MATERIAL TO PROCESS →
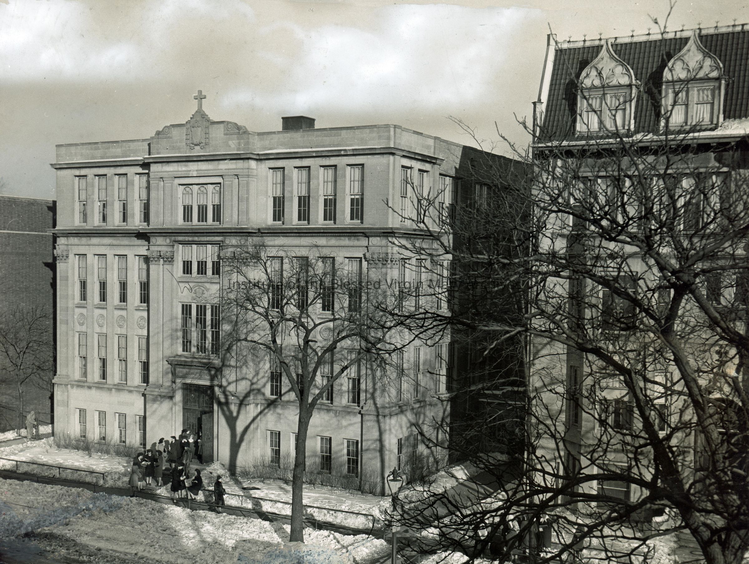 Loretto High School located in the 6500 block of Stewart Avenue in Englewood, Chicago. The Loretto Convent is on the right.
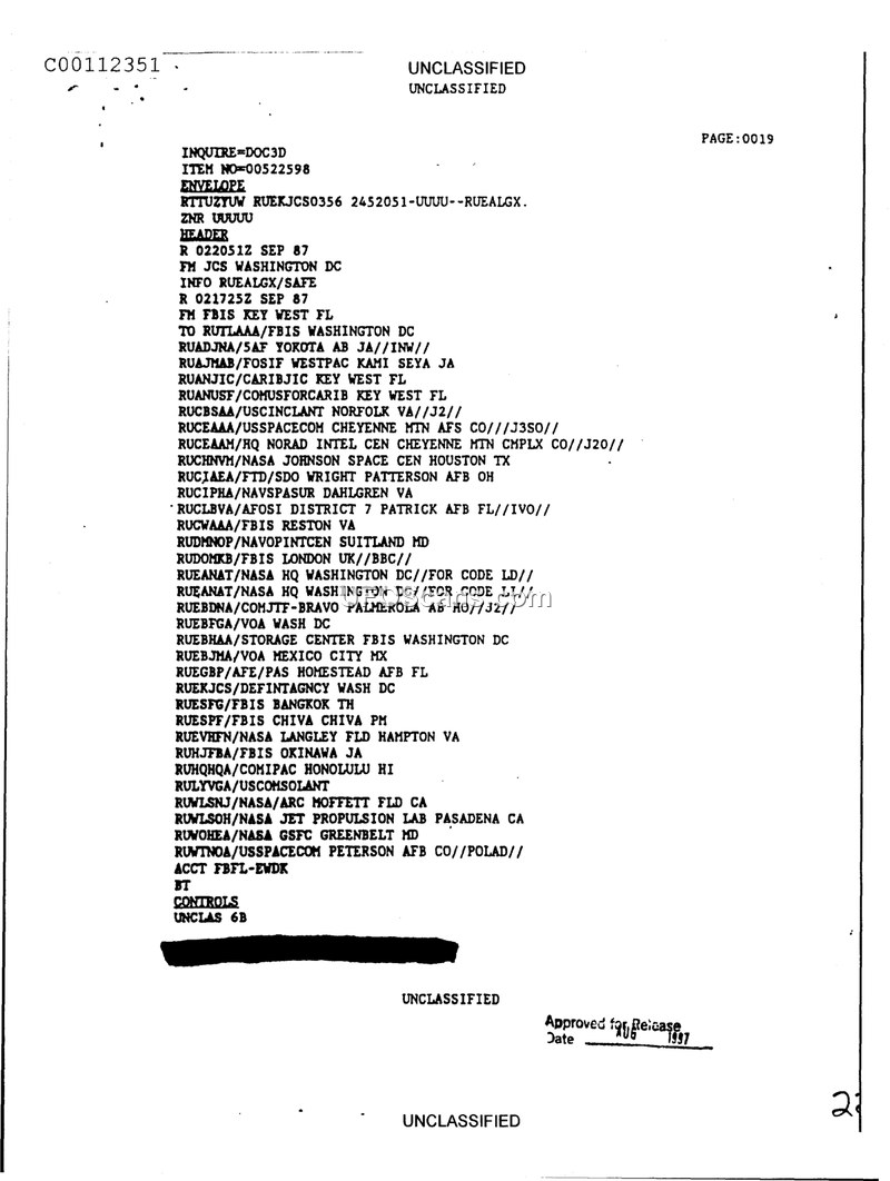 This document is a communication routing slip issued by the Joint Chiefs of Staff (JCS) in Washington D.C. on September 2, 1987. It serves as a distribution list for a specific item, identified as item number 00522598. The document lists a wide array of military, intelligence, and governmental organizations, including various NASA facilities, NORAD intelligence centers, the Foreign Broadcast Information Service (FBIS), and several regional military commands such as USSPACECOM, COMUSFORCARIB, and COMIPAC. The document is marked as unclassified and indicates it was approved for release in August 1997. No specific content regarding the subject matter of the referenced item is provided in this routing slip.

---

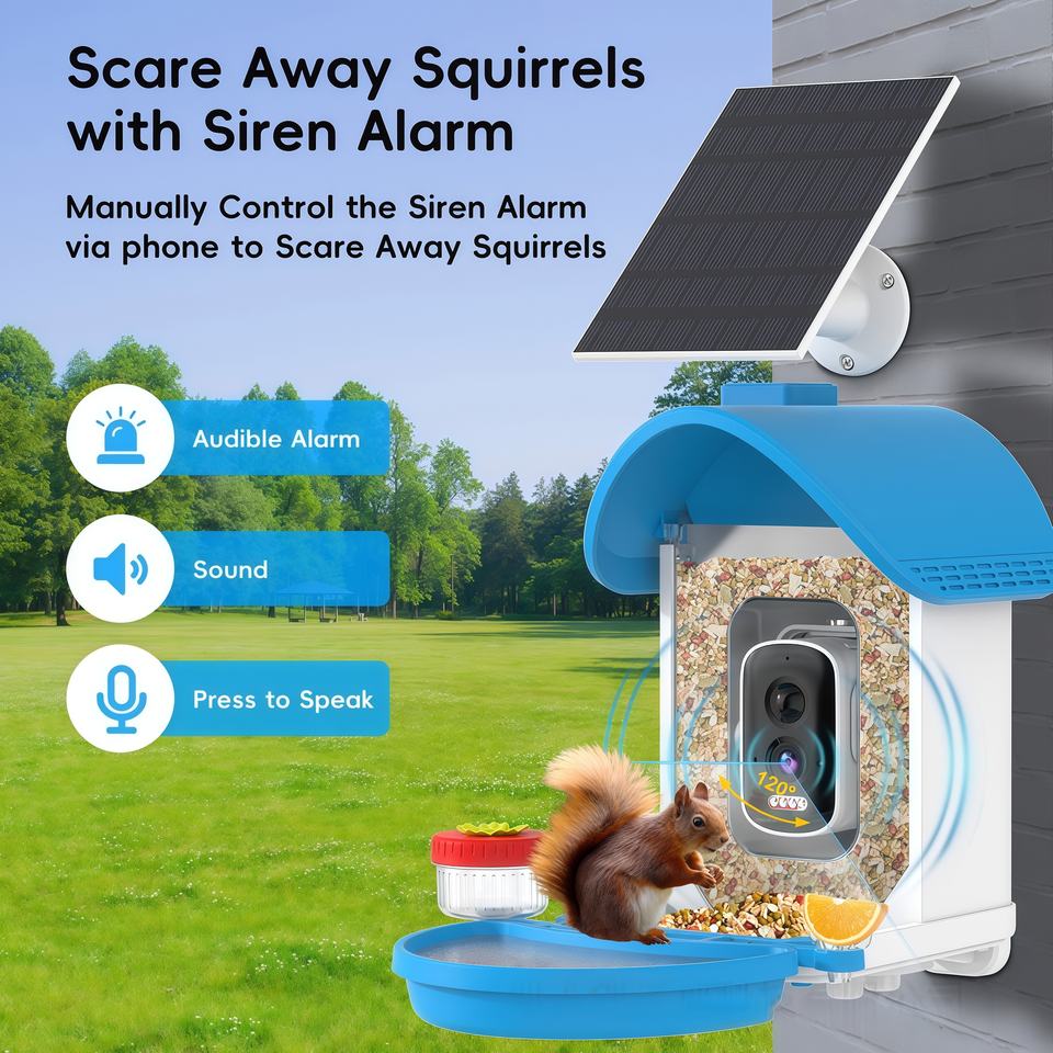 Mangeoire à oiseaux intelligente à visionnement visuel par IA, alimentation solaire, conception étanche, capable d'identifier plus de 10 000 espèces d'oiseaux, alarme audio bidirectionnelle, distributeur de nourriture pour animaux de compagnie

TASK ITEM → Write out exactly the lines above between the one with "Loretto High School" and the one with "This document is", inclusive, with pictures left out.

SOLUTION TO THIS EXERCISE →
 Loretto High School located in the 6500 block of Stewart Avenue in Englewood, Chicago. The Loretto Convent is on the right.
 This document is a communication routing slip issued by the Joint Chiefs of Staff (JCS) in Washington D.C. on September 2, 1987. It serves as a distribution list for a specific item, identified as item number 00522598. The document lists a wide array of military, intelligence, and governmental organizations, including various NASA facilities, NORAD intelligence centers, the Foreign Broadcast Information Service (FBIS), and several regional military commands such as USSPACECOM, COMUSFORCARIB, and COMIPAC. The document is marked as unclassified and indicates it was approved for release in August 1997. No specific content regarding the subject matter of the referenced item is provided in this routing slip.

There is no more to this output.